The task
Exact copy, pictures excluded: reproduce every record below.
Top of Provided records
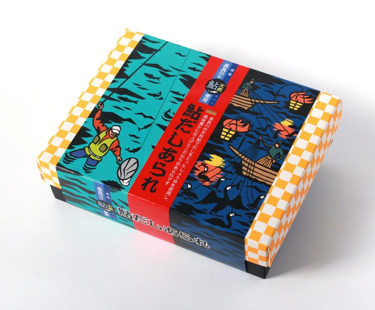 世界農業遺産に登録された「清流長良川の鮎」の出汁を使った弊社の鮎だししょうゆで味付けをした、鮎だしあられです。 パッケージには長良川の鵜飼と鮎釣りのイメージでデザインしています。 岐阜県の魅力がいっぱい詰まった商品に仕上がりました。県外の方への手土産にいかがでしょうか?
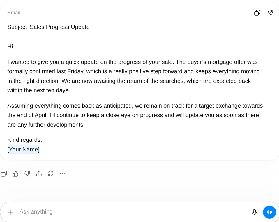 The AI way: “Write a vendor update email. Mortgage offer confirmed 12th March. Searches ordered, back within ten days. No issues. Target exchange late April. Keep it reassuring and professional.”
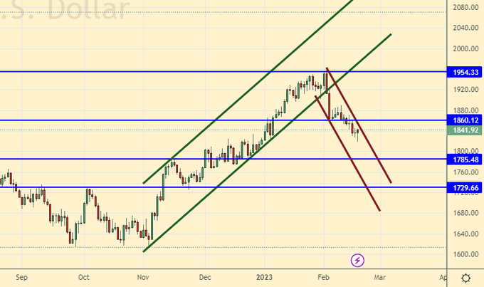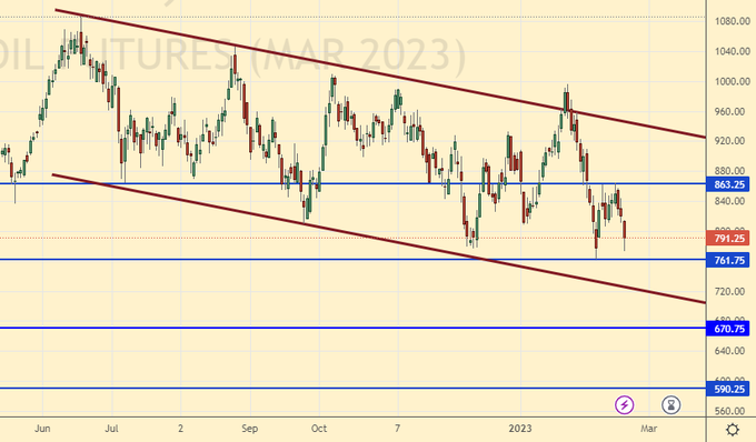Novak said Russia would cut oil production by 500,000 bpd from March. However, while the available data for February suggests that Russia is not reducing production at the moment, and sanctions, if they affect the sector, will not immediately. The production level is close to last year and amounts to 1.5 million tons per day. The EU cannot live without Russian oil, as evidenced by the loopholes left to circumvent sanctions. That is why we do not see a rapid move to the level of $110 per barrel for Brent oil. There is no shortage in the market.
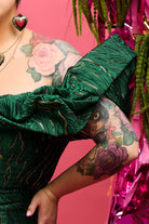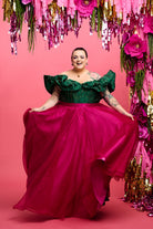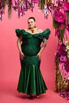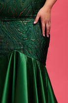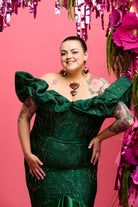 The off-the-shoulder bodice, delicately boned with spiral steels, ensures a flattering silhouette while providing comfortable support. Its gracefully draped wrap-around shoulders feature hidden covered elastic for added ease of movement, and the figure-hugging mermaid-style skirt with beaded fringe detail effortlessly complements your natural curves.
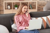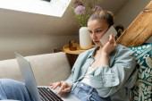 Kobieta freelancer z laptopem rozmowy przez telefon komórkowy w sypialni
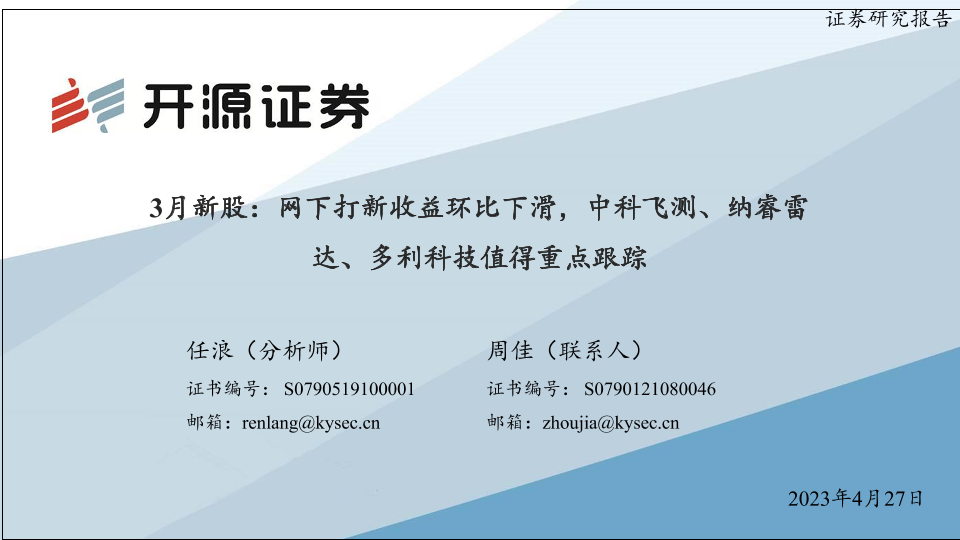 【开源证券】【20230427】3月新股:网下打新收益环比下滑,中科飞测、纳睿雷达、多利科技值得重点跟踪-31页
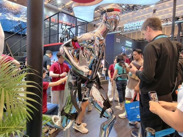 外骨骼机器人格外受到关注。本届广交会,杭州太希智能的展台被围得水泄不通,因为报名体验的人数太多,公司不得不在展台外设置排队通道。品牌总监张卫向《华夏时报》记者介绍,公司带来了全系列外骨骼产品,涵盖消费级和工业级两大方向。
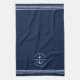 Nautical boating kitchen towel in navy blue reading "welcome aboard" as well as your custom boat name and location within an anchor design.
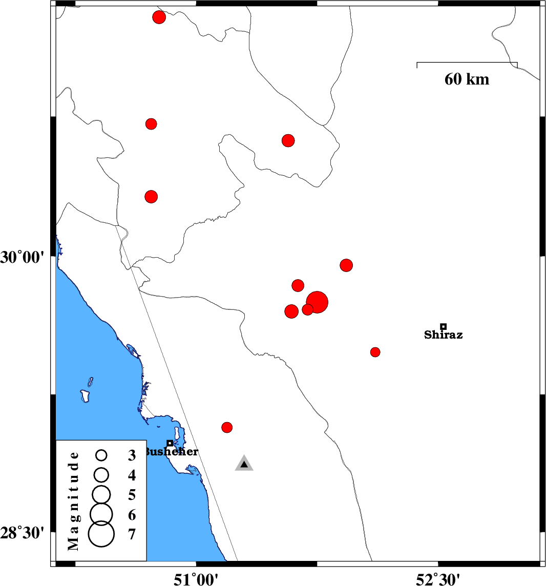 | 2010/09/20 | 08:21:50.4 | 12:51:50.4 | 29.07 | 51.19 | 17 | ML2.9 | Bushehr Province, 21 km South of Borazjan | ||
Bottom of Provided records
Task answer
 世界農業遺産に登録された「清流長良川の鮎」の出汁を使った弊社の鮎だししょうゆで味付けをした、鮎だしあられです。 パッケージには長良川の鵜飼と鮎釣りのイメージでデザインしています。 岐阜県の魅力がいっぱい詰まった商品に仕上がりました。県外の方への手土産にいかがでしょうか?
 The AI way: “Write a vendor update email. Mortgage offer confirmed 12th March. Searches ordered, back within ten days. No issues. Target exchange late April. Keep it reassuring and professional.”
Novak said Russia would cut oil production by 500,000 bpd from March. However, while the available data for February suggests that Russia is not reducing production at the moment, and sanctions, if they affect the sector, will not immediately. The production level is close to last year and amounts to 1.5 million tons per day. The EU cannot live without Russian oil, as evidenced by the loopholes left to circumvent sanctions. That is why we do not see a rapid move to the level of $110 per barrel for Brent oil. There is no shortage in the market.
 The off-the-shoulder bodice, delicately boned with spiral steels, ensures a flattering silhouette while providing comfortable support. Its gracefully draped wrap-around shoulders feature hidden covered elastic for added ease of movement, and the figure-hugging mermaid-style skirt with beaded fringe detail effortlessly complements your natural curves.
 Kobieta freelancer z laptopem rozmowy przez telefon komórkowy w sypialni
 【开源证券】【20230427】3月新股:网下打新收益环比下滑,中科飞测、纳睿雷达、多利科技值得重点跟踪-31页
 外骨骼机器人格外受到关注。本届广交会,杭州太希智能的展台被围得水泄不通,因为报名体验的人数太多,公司不得不在展台外设置排队通道。品牌总监张卫向《华夏时报》记者介绍,公司带来了全系列外骨骼产品,涵盖消费级和工业级两大方向。
 Nautical boating kitchen towel in navy blue reading "welcome aboard" as well as your custom boat name and location within an anchor design.
 | 2010/09/20 | 08:21:50.4 | 12:51:50.4 | 29.07 | 51.19 | 17 | ML2.9 | Bushehr Province, 21 km South of Borazjan | ||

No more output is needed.